[Input data]:

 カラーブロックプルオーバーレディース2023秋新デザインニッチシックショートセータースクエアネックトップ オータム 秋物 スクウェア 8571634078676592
...
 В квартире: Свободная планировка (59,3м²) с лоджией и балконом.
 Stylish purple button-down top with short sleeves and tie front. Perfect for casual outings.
* * *
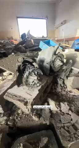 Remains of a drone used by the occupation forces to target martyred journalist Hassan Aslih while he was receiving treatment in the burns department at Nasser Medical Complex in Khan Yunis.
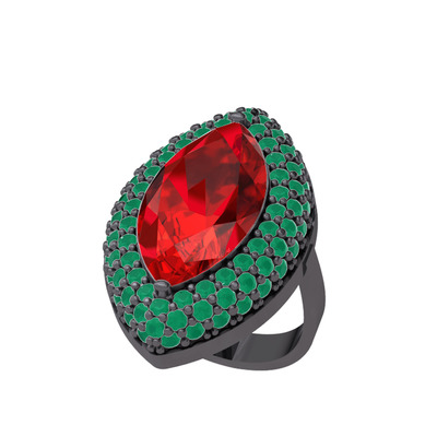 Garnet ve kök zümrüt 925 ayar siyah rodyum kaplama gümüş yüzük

[Exercise aim]:
Within the material above, only the stretch from the line holding "Remains of a" through the line holding "Garnet ve kök" is to be restated exactly. Pictures are dropped.

[Solution to this task]:
 Remains of a drone used by the occupation forces to target martyred journalist Hassan Aslih while he was receiving treatment in the burns department at Nasser Medical Complex in Khan Yunis.
 Garnet ve kök zümrüt 925 ayar siyah rodyum kaplama gümüş yüzük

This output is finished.